Light of Fire (The Cloud Warrior Saga Book 10) Read online

Page 3


  Could he use spirit on the bond?

  The connection to Honl remained, even if he could barely detect his elemental.

  Tan pushed the wind bond through that connection and then added spirit, sending that through the bond to Honl as well.

  Sudden awareness of Honl surged.

  Maelen. How is it that you reach me?

  Where are you, Honl?

  You should not be here, Maelen. Dangerous, even for me.

  I have found the wind bond. And the spirit bond.

  Honl didn’t answer at first. You should not be here, Maelen.

  I need your help. The darkness attacked again. Two bindings have failed, and only a third remains.

  You have discovered the bindings. That is good.

  Where is the third?

  I am with the third.

  We need to make certain that it does not fail. We need to keep the binding safe, or the darkness will return.

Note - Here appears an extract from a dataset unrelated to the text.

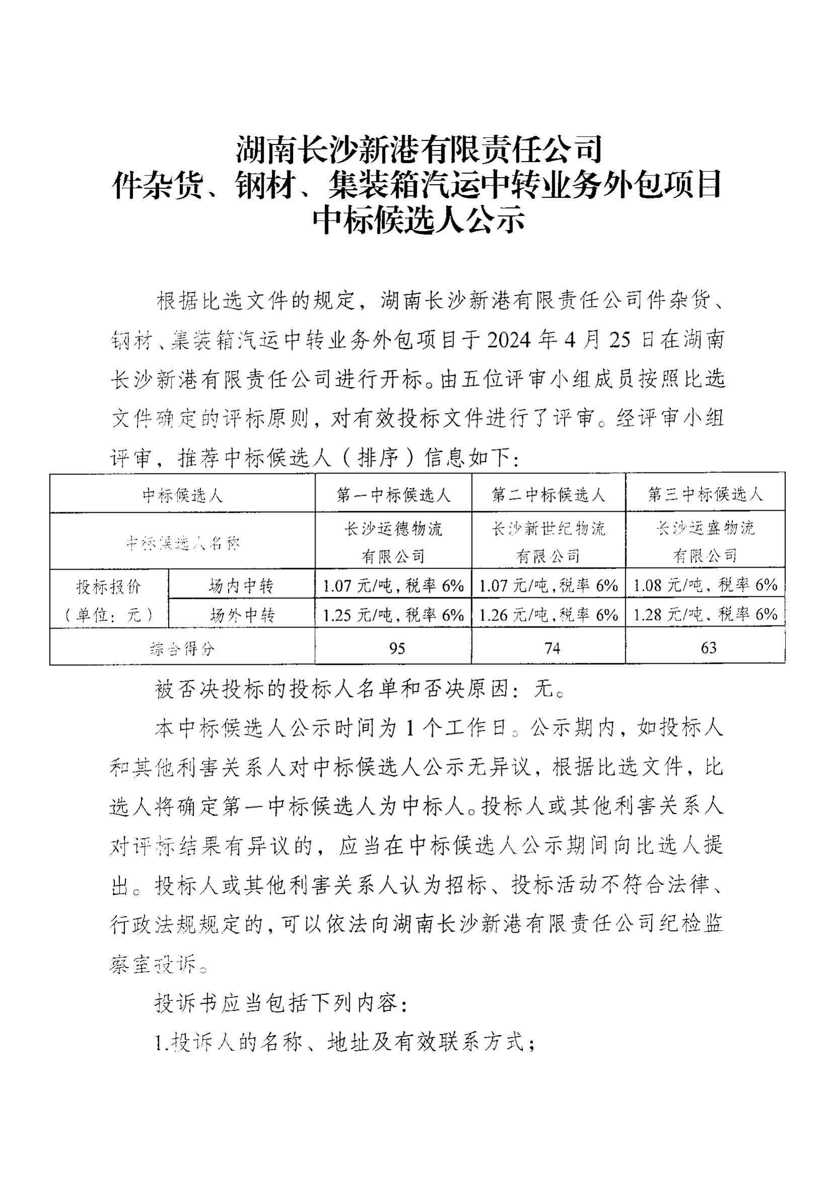 件雜貨、鋼材、集裝箱汽運(yùn)中轉(zhuǎn)業(yè)務(wù)外包項(xiàng)目中標(biāo)候選人公示

  The binding is safe, Maelen.

  Are you certain?

  The binding is safe, Honl repeated.

  There was something about the way that Honl said it that left Tan feeling less than comfortable. Partly it was the way that he was submerged in their connection, tied with spirit and wind so that he could even reach Honl, but partly it was the comment.

  If you knew of the bindings, why did you not return?

  Maelen, I do not know how long this connection will remain. Learn what you can about the ancient gods. That is the key to knowing what must be done.

  What do you mean by the ancient gods? What’s wrong, Honl?

  This connection leaves me exposed. Please. Do not maintain it any longer.

  Exposed? Are you in danger?

  No more than I have ever been. Please, Maelen.

  I can help.

  You are helping. Be the Shaper of Light. That is how you can help.

  It was the same term that Light used, the same that the darkness had used for him, but Tan didn’t know what it meant. I don’t understand what that is. How can I be this shaper when I don’t know what I am to do?

  Don’t fear, Maelen. The third binding is secure. I will remain to ensure it stays that way.

  Tan had a sense of cold, and a flash of white, something like snow or ice, that faded as Honl attempted to sever the connection.

  He debated resisting, holding onto it, but what if doing so put Honl in more danger? Harming his bonded was not what he wanted, but he feared for his bond, for his friend.

  Reluctantly, Tan released the connection.

  As he did, there was another surge, this of immense power that attempted to reach through the bond, unable to reach him before fading.

  Where was Honl?

  Someplace cold. The sense of snow or ice told Tan that. A mountain top? What mountain range would Honl have gone where Tan wouldn’t be able to reach him? Not the Gholund, or even anyplace within the continent. Had he been there, Tan would have found him.

  Then where?

  Tan hadn’t taken the time to explore and search other lands, though Asgar had once suggested there were others. And it would be someplace far enough away that Tan couldn’t detect him, but also someplace where he might be in danger.

  He considered reconnecting to Honl but didn’t want to risk his friend.

  No, he would do as Honl suggested. Search for understanding about the ancient gods. See if he could learn what he needed to become the Shaper of Light.

  And then?

  Tan didn’t know. Maybe then he would try to reach Honl again.

  Yet he had a nagging worry that Honl needed his help more than the elemental let on. As a wind elemental, before spirit had been added, Honl had been attacked by kaas and nearly destroyed. But in his current form, bonded to spirit as well as to wind, he had changed, and that change allowed him to speak, and to take a more solid shape. Had Honl made a mistake while in his current form? Had he exposed himself in some way to danger that he hadn’t expected?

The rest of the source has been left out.